For information on reshape and aggregate, refer to the help documents by using ?reshape or ?aggregate.

Visualizing data

Visualization is a powerful way to communicate information through graphical means. Visual presentations make data easier to comprehend. This recipe presents some basic functions to plot charts, and demonstrates how visualizations are helpful in data exploration.

Getting ready

Ensure that you have completed the previous recipes by installing R on your operating system.

How to do it...

Perform the following steps to visualize a dataset:

  1. Load the iris data into the R session:
        > data(iris)  
  1. Calculate the frequency of species within the iris using the table command:
        > table.iris = table(iris$Species)
        > table.iris
        Output:
      

setosa versicolor virginica 50 50 50
  1. As the frequency in the table shows, each species represents 1/3 of the iris data. We can draw a simple pie chart to represent the distribution of species within the iris:
        > pie(table.iris)
        Output:
The pie chart of species distribution
  1. The histogram creates a frequency plot of sorts along the x-axis.
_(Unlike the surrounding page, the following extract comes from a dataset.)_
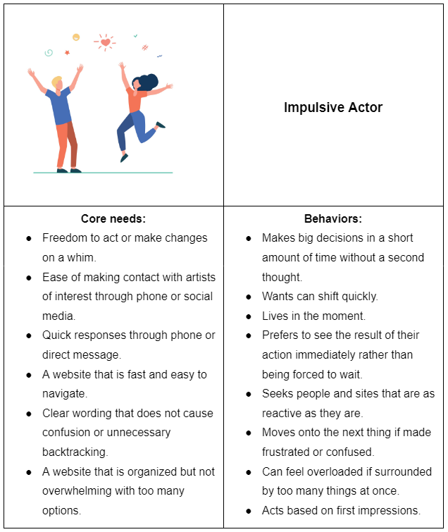 These archetype personas were created by researching the target audience and personal experience.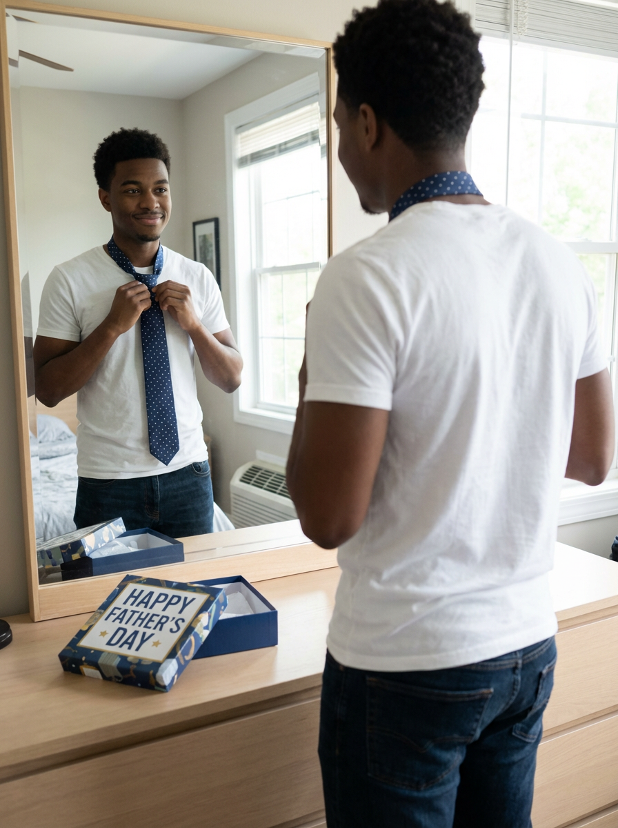 model with new tie gift, classic Fathers Day present, trying on tie, mirror or home setting

The following example produces a histogram of the sepal length:
        > hist(iris$Sepal.Length)  
The histogram of the sepal length
  1. In the histogram, the x-axis presents the sepal length and the y-axis presents the count for different sepal lengths. The histogram shows that for most irises, sepal lengths range from 4 cm to 8 cm.
  2. Boxplots, also named box and whisker graphs, allow you to convey a lot of information in one simple plot. In such a graph, the line represents the median of the sample. The box itself shows the upper and lower quartiles. The whiskers show the range:
        > boxplot(Petal.Width ~ Species, data = iris)
The boxplot of the petal width
  1. The preceding screenshot clearly shows the median and upper range of the petal width of the setosa is much shorter than versicolor and virginica. Therefore, the petal width can be used as a substantial attribute to distinguish iris species.
  2. A scatter plot is used when there are two variables to plot against one another. This example plots the petal length against the petal width and color dots in accordance to the species it belongs to:
        > plot(x=iris$Petal.Length, y=iris$Petal.Width, col=iris$Species) 
The scatter plot of the sepal length
  1. The preceding screenshot is a scatter plot of the petal length against the petal width. As there are four attributes within the iris dataset, it takes six operations to plot all combinations. However, R provides a function named pairs, which can generate each subplot in one figure:
        > pairs(iris[1:4], main = "Edgar Anderson's Iris Data", pch = 21, 
bg = c("red", "green3", "blue")[unclass(iris$Species)])
Pairs scatterplot of iris data

How it works...

R provides many built-in plot functions, which enable users to visualize data with different kinds of plots. This recipe demonstrates the use of pie charts that can present category distribution. A pie chart of an equal size shows that the number of each species is equal. A histogram plots the frequency of different sepal lengths. A box plot can convey a great deal of descriptive statistics, and shows that the petal width can be used to distinguish an iris species. Lastly, we introduced scatter plots, which plot variables on a single plot. In order to quickly generate a scatter plot containing all the pairs of iris dataset, one may use the pairs command.

See also

  • ggplot2 is another plotting system for R, based on the implementation of Leland Wilkinson's grammar of graphics. It allows users to add, remove, or alter components in a plot with a higher abstraction. However, the level of abstraction results is slow compared to lattice graphics. For those of you interested in the topic of ggplot, you can refer to this site: http://ggplot2.org/.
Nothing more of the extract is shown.